The blue-white beam returns in a flash with blinding brightness.
Louise looks around, squinting, one hand over her brow shielding her eyes. Next to the dining table is a – “Oh, Jesus!” Her hand jerks, and the beam shifts and shoots up to the ceiling. Both her hands shaking, she sweeps the light through the darkness again, seeing a man sitting by the table – no, a woman, wearing some kind of shawl, her hair pulled back. A lifeless face, eyes open and vacant, unresponsive to the shifting light – legs crossed, glossy skin. Dead? No, not a person at all. A mannequin. Louise exhales with the realization. She looks around again, the light moving again, searching. Louise spots an arrow painted on the mirror toward the broken window pane. Did Vicky escape? How? Vicky became so daring? Louise loves a challenge and respects Vicky all the more. This game will be exciting! The blue-white glow flickers a few times, then extinguishes itself.

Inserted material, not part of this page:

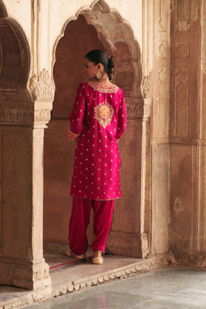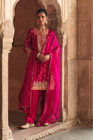 ANILA - HOTPINK SHORT KURTA WITH SALWAR WITH DUPATTA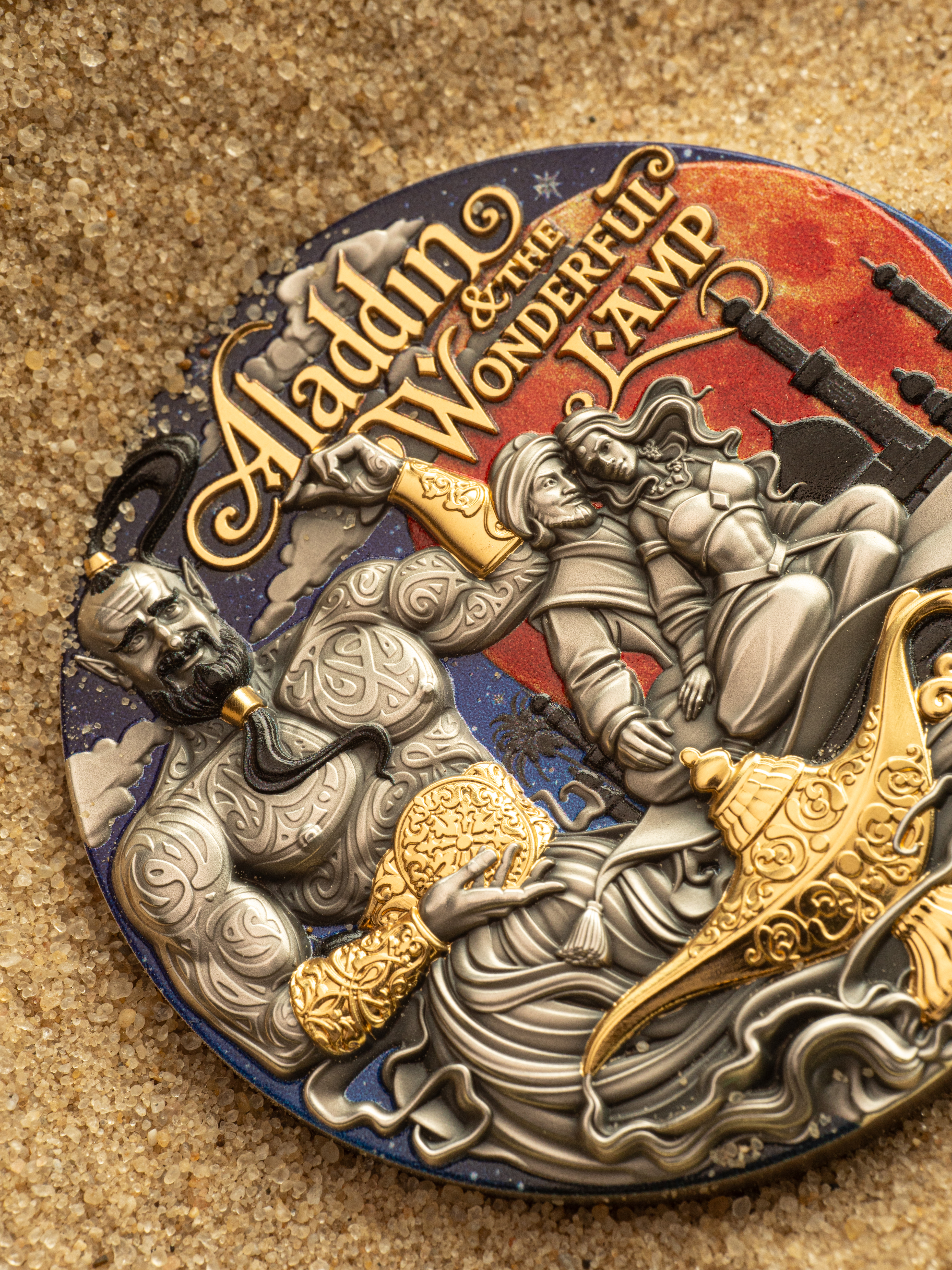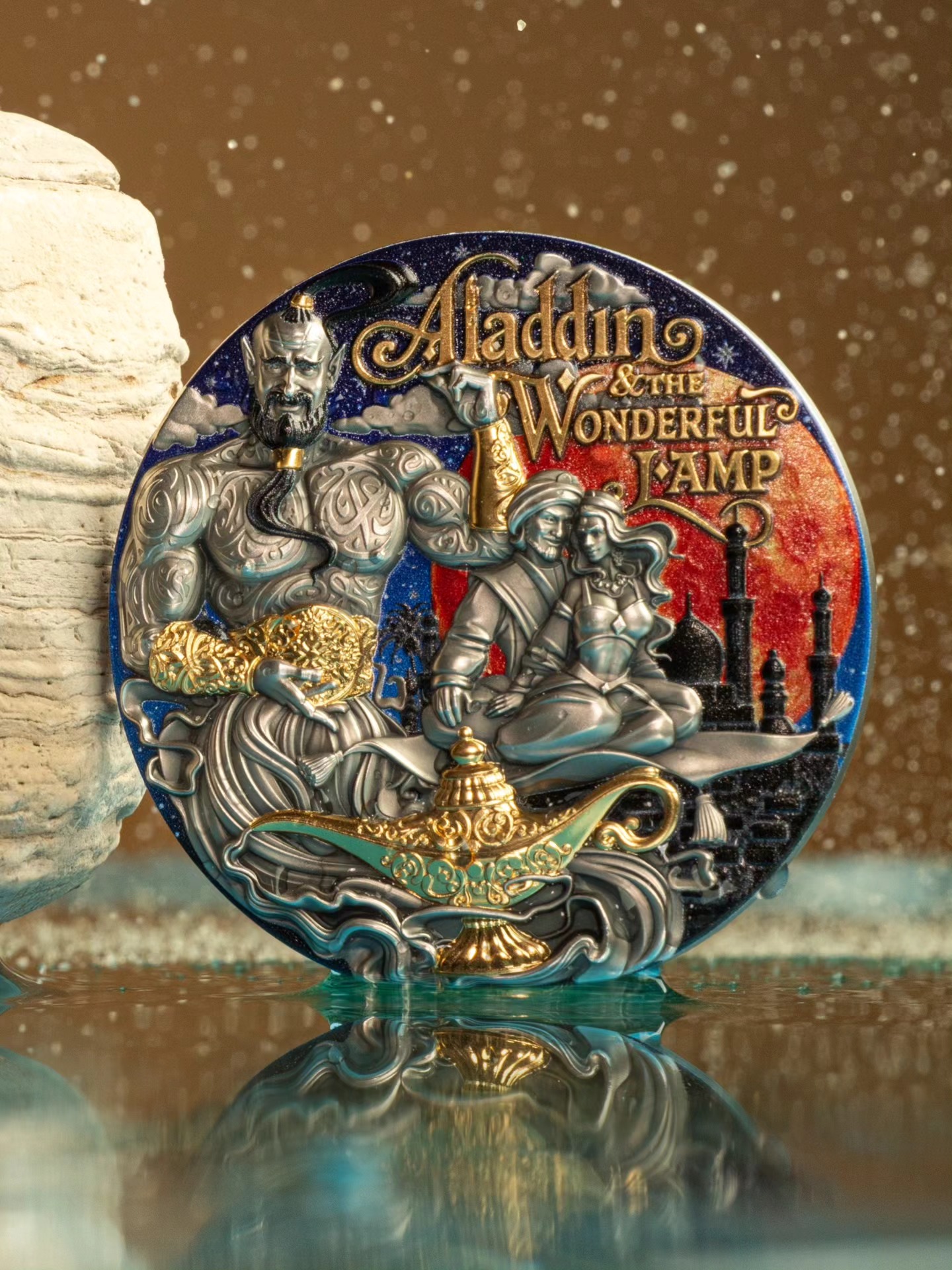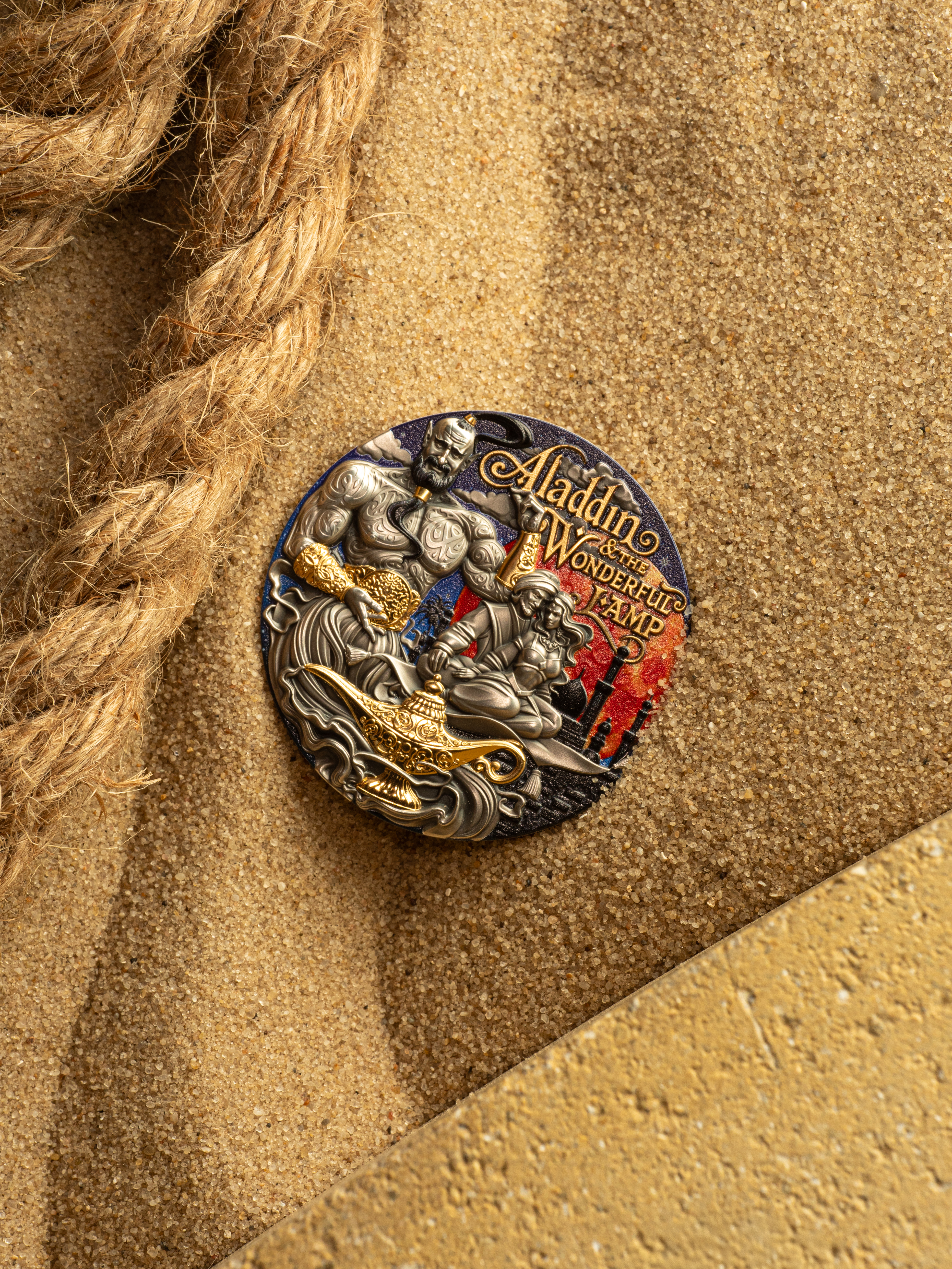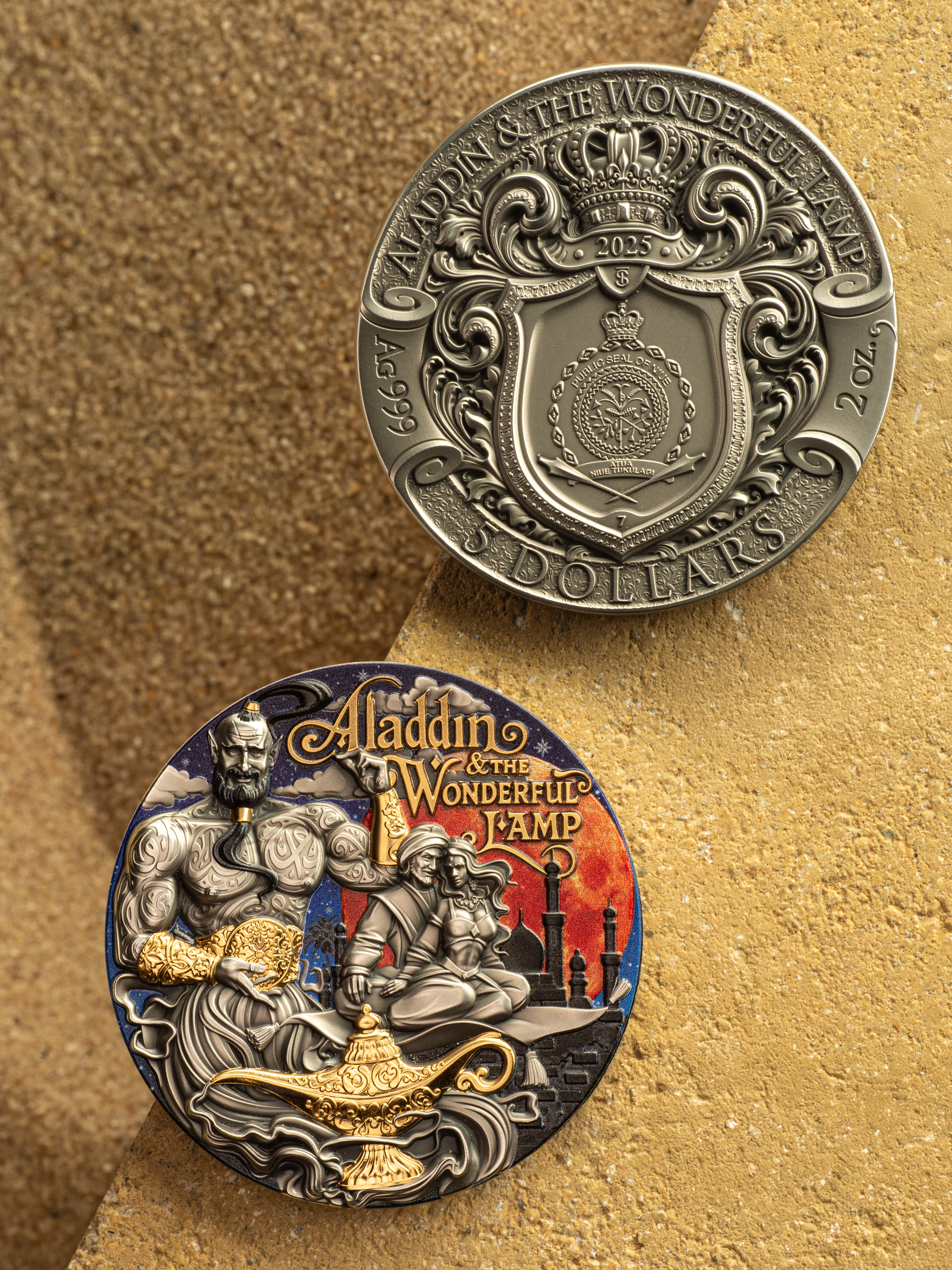 “Your wish is our command.” Aladdin & The Wonderful Lamp returns — the second silver collectible coin in the Fabulous Stories series, following the first release, Beauty and the Beast.

When Louise plays these dangerous games, which she adores, the emotions of others turn into chaos – be it fear, anger, or hatred – especially when what was once love turns into hatred. Hatred, like love, is chaotic. Think about it! Love makes no sense to psychopaths like Louise. No kind of emotion makes any sense to her. Remember, Louise doesn’t have emotions. She fakes them. What good is love or feelings to a psychopath? Emotions weaken people and spin them till they fall. Louise is a chosen one, firm and righteous. Only the weak fall apart – be it an individual in love, or a couple, or a whole family or nation. Civil wars are really about falling out of love. What happens when nations fall out of love? They hate their neighbors. They carry out genocide against neighbors, or they starve them or set up a system of deathcamps to get even and teach them a lesson. Some prefer fire-bombing neighbors or dropping nuclear bombs on them or implementing trade sanctions that kill the most vulnerable – helpless children mostly. It can’t be helped!